Gov. Baker Signs 'Landmark' Opioid Legislation
Massachusetts Governor Charlie Baker signed wide-ranging legislation to combat the rise in opioid abuse Monday. The new law is months in the making.“Today, I just signed the most comprehensive measure in the country to combat opioid addiction,” Baker said.
Flanked by numerous state leaders, the Republican signed into law measures to prevent and treat opioid addiction and expand education about the dangers of the drug. The signing is the latest in the state’s effort to combat the rising tide of opioid and heroin use. Shortly after taking office in January 2015, Baker created a task force to recommend ways to address the issue — many of which are being implemented. While thanking people who shared tragic stories of addiction, Baker became visibly emotional.
“May today’s bill passage signal to you that the commonwealth is listening and we will keep fighting for all of you,” said Baker.
The legislation limits an opioid prescription to a 7-day supply for a first-time adult prescription and a 7-day limit on every opiate prescription for minors, with exceptions including for cancer and chronic pain. It also requires medical professionals to evaluate overdose victims who seek help at emergency rooms within 24 hours.
Baker originally proposed limiting prescriptions to a 3-day supply and allowing medical professionals to commit a person to treatment involuntarily. Groups like the Massachusetts Medical Society, the Massachusetts Nurses Association and the state’s branch of the ACLU expressed initial reservations about Baker’s proposal. The Republican said in December that most in the medical community philosophically agreed with his effort.

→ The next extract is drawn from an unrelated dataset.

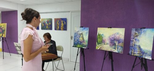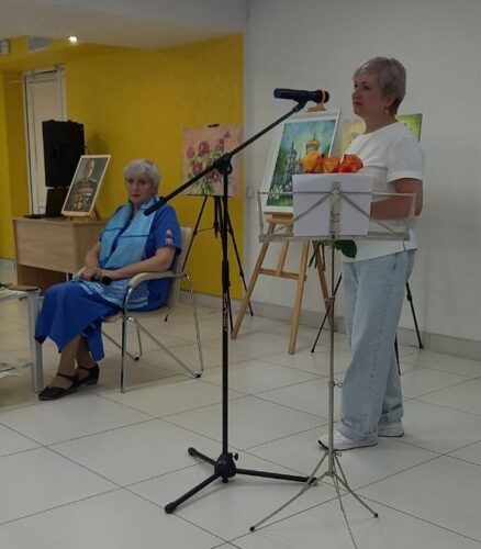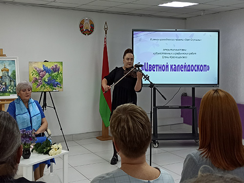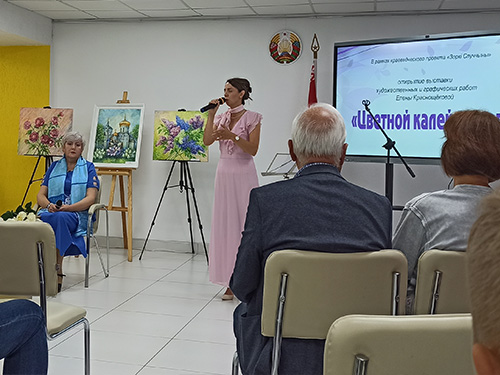 27 июня 2025 года в отделе обслуживания и информации Слуцкой районной центральной библиотеки состоялась встреча с художником Еленой Анатольевной Краснощековой, а также открытие ее персональной выставки «Цветной калейдоскоп». Мероприятие проходило в рамках краеведческого проекта «Зоркі Случчыны».

“To basically reduce the way we’ve used opioid medication for the better part of the past 10 years which has gotten us into a big part of the mess that we find ourselves in today,” Baker said. “And to create the kind of strategy around prevention, education, intervention, treatment and recovery that we’re going to need to bend the horrible negative trend that exists on this now across the commonwealth, flatten it out and then start to move it in the opposite direction.”
The House and Senate overwhelmingly passed the current legislation earlier this month. Democratic State Representative Tricia Farley-Bouvier of Pittsfield in January applauded the governor’s bold call, saying lawmakers had the luxury of more time to consider potential negative impacts of the stricter limits.
“If someone got their hip replaced and they were only allowed a 3-day prescription, they physically have to go back to the doctor on the third day if they need more,” Farley-Bouvier said. “You can see where that would be a problem.”
The law also expands opioid screenings and education in schools, specifically for athletes and their parents.
The estimated rate of 17 deaths per 100,000 Massachusetts residents in 2014 is the highest ever for unintentional opioid overdoses and represents a 228 percent increase from 2000, according to data from the governor’s office. The state estimates that there were nearly 1,200 unintentional and undetermined opioid deaths in 2014. Preliminary data shows there were more than 1,100 opioid deaths in the first nine months of 2015.